返回Response對象:Scrapy將不會調用任何其他的process_request方法,將直接返回這個response對象。已經激活的中間件的process_response()方法則會在每個response返回時被調用。
返回Request對象:不再使用之前的request對象去下載數據,而是根據現在返回的request對象返回數據。
如果這個方法中拋出了異常,則會調用process_exception方法。
process_response(self,request,response,spider):
這個是下載器下載的數據到引擎中間會執行的方法。
- 參數:
request:request對象。response:被處理的response對象。spider:spider對象。 - 返回值:
返回Response對象:會將這個新的response對象傳給其他中間件,最終傳給爬蟲。

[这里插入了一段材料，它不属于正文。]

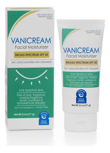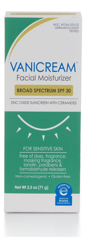 Hidratante facial Vanicream com FPS 30 – Protetor solar mineral – 75 ml – Formulado sem irritantes comuns para peles sensíveis O
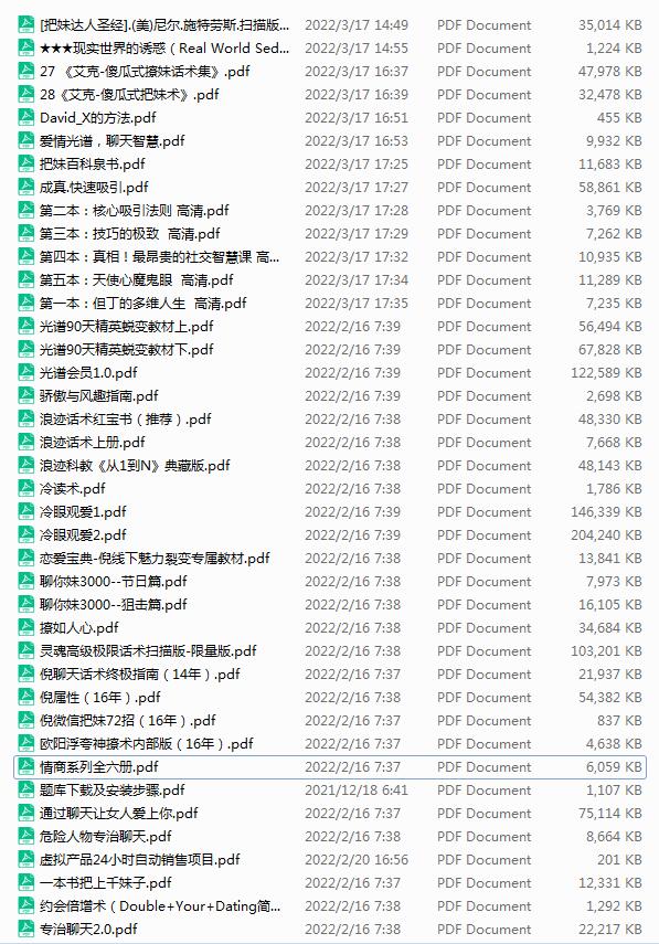 40部两性情感恋爱把妹PDF电子书珍藏合集,截图如下:

返回Request對象:下載器鏈被切斷,返回的request會重新被下載器調度下載。
如果拋出一個異常,那麼調用request的errback方法,如果沒有指定這個方法,那麼會拋出一個異常。
隨機請求頭中間件:
隨機更改請求頭,可以在下載中間件中實現。在請求發送給服務器之前,隨機的選擇一個請求頭。這樣就可以避免總使用一個請求頭了。
user-agent列表:http://www.useragentstring.com/pages/useragentstring.php?typ=Browser
class UserAgentDownloadMiddleware(object):
USER_AGENTS=[
"Mozilla/5.0 (Windows NT 6.1) AppleWebKit/537.36 (KHTML, like Gecko) Chrome/41.0.2228.0 Safari/537.36",
"Mozilla/5.0 (Macintosh; Intel Mac OS X 10_10_1) AppleWebKit/537.36 (KHTML, like Gecko) Chrome/41.0.2227.1 Safari/537.36",
"Mozilla/5.0 (X11; Linux x86_64) AppleWebKit/537.36 (KHTML, like Gecko) Chrome/41.0.2227.0 Safari/537.36",
"Mozilla/5.0 (Windows NT 6.1; WOW64) AppleWebKit/537.36 (KHTML, like Gecko) Chrome/41.0.2227.0 Safari/537.36",
"Mozilla/5.0 (Windows NT 6.3; WOW64) AppleWebKit/537.36 (KHTML, like Gecko) Chrome/41.0.2226.0 Safari/537.36",
"Mozilla/5.0 (Windows NT 6.4; WOW64) AppleWebKit/537.36 (KHTML, like Gecko) Chrome/41.0.2225.0 Safari/537.36",
"Opera/9.80 (X11; Linux i686; Ubuntu/14.10) Presto/2.12.388 Version/12.16",
"Opera/9.80 (Windows NT 6.0) Presto/2.12.388 Version/12.14",
"Mozilla/5.0 (Windows NT 6.0; rv:2.0) Gecko/20100101 Firefox/4.0 Opera 12.14",
"Mozilla/5.0 (compatible; MSIE 9.0; Windows NT 6.0) Opera 12.14",
"Opera/12.80 (Windows NT 5.1; U; en) Presto/2.10.289 Version/12.02",
"Mozilla/5.0 (Windows NT 6.1; WOW64; rv:40.0) Gecko/20100101 Firefox/40.1",
"Mozilla/5.0 (Windows NT 6.3; rv:36.0) Gecko/20100101 Firefox/36.0",
"Mozilla/5.0 (Macintosh; Intel Mac OS X 10_10; rv:33.0) Gecko/20100101 Firefox/33.0",
"Mozilla/5.0 (X11; Linux i586; rv:31.0) Gecko/20100101 Firefox/31.0",
]
def process_request(self,request,spider):
user_agent = random.choice(self.USER_AGENTS)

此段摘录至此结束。